Lysander

Plutarch

Plutarch. Plutarch's Lives, Vol. IV. Perrin, Bernadotte, translator. Cambridge, MA: Harvard University Press; London: William Heinemann Ltd., 1916.

Moreover, Anaxandrides the Delphian writes that a deposit of Lysander’s was also stored there, consisting of a talent of silver, and fifty-two minas, and eleven staters besides; a statement that is inconsistent with the generally accepted accounts of his poverty. At any rate, Lysander was at this time more powerful than any Greek before him had been, and was thought to cherish a pretentious pride that was greater even than his power.

For he was the first Greek, as Duris writes, to whom the cities erected altars and made sacrifices as to a god, the first also to whom songs of triumph were sung. One of these is handed down, and begins as follows:—

  1. The general of sacred Hellas
  2. who came from wide-spaced Sparta
  3. will we sing, O! Io! Paean.

The Samians, too, voted that their festival of Hera should be called Lysandreia. And the poet Choerilus was always kept in his retinue, to adorn his achievements with verse; while with Antilochus, who composed some verses in his honor, he was so pleased that he filled his cap with silver and gave it to him. And when Antimachus of Colophon and a certain Niceratus of Heracleia competed with one another at the Lysandreia in poems celebrating his achievements, he awarded the crown to Niceratus, and Antimachus, in vexation, suppressed his poem.

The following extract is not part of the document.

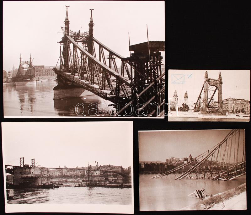 Leírás: cca 1945-1948 Budapest lerombolt hídjai, 4 db fotó, 2 közülük Tiszavölgyi József pecsétjével, 9x6 és 18x13 cm közötti méretekben

But Plato, who was then a young man, and admired Antimachus for his poetry, tried to cheer and console him in his chagrin at this defeat, telling him that it is the ignorant who suffer from their ignorance, just as the blind do from their blindness. However, when Aristonous the harper, who had been six times victor at the Pythian games, told Lysander in a patronizing way that if he should be victorious again, he would have himself proclaimed under Lysander’s name, That is, Lysander replied, as my slave?

Now to the leading men, and to his equals, the ambition of Lysander was annoying merely. But since, owing to the court that was paid to him, great haughtiness and severity crept into his character along with his ambition, there was no such moderation as would become a popular leader either in his rewards or punishments, but the prizes he awarded to his friends and allies were irresponsible lordships over cities, and absolute sovereignties, while the sole punishment that could satisfy his wrath was the death of his enemy; not even exile was allowed.

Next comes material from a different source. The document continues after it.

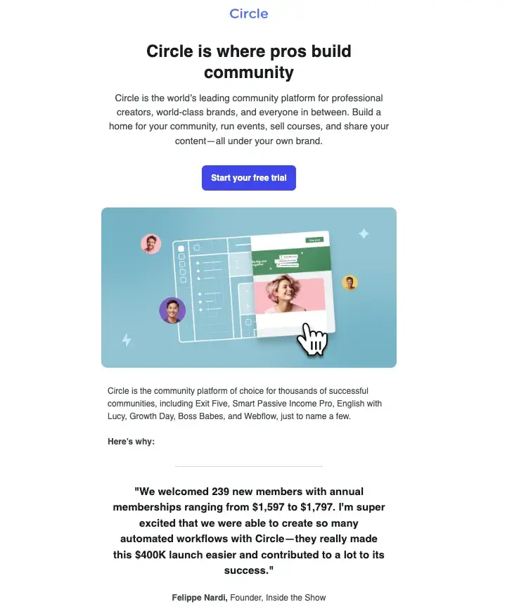 Điều tôi thích: Email của Circle mang lại hình ảnh thương hiệu nhất quán và nội dung có liên quan cho những người xây dựng cộng đồng. Tôi thích rằng nhiều email của họ đến từ một người cụ thể trong nhóm của họ (như “Alexis tại Circle”) nên nó không chỉ là một email thương hiệu vô danh. Tôi cũng thích cách họ sử dụng tiếng nói của khách hàng. Ví dụ, email nuôi dưỡng ở trên chỉ có một đoạn tóm tắt ngắn và CTA, trong khi ba phần tư nội dung có tiếng nói của khách hàng thông qua các trích dẫn lời chứng thực.

Nay, at a later time, fearing lest the active popular leaders of Miletus should go into exile, and desiring to bring from their retreats those also who were in hiding, he made oath that he would do them no harm; but when the first put faith in him and the second came forth, he delivered them all over to the oligarchs for slaughter, being no less than eight hundred of both classes.

In the other cities also untold numbers of the popular party were slain, since he killed not only for his own private reasons, but also gratified by his murders the hatred and cupidity of his many friends everywhere, and shared the bloody work with them. Wherefore Eteocles the Lacedaemonian won great approval when he said that Hellas could not have borne two Lysanders. Now this same utterance was made by Archestratus concerning Alcibiades also,[*](Cf. Plut. Alc. 16.5 ) as Theophrastus tells us.

But in his case it was insolence, and wanton self-will, that gave most offence; whereas Lysander’s power was made dreadful and oppressive by the cruelty of his disposition. The Lacedaemonians paid little heed to the rest of his accusers, but when Pharnabazus, who was outraged by Lysander’s pillaging and wasting his territory, sent men to Sparta to denounce him, the ephors were incensed, and when they found Thorax, one of Lysander’s friends and fellow-generals, with money in his private possession, they put him to death, and sent a dispatch-scroll to Lysander, ordering him home.

The dispatch-scroll is of the following character. When the ephors send out an admiral or a general, they make two round pieces of wood exactly alike in length and thickness, so that each corresponds to the other in its dimensions, and keep one themselves, while they give the other to their envoy. These pieces of wood they call scytalae.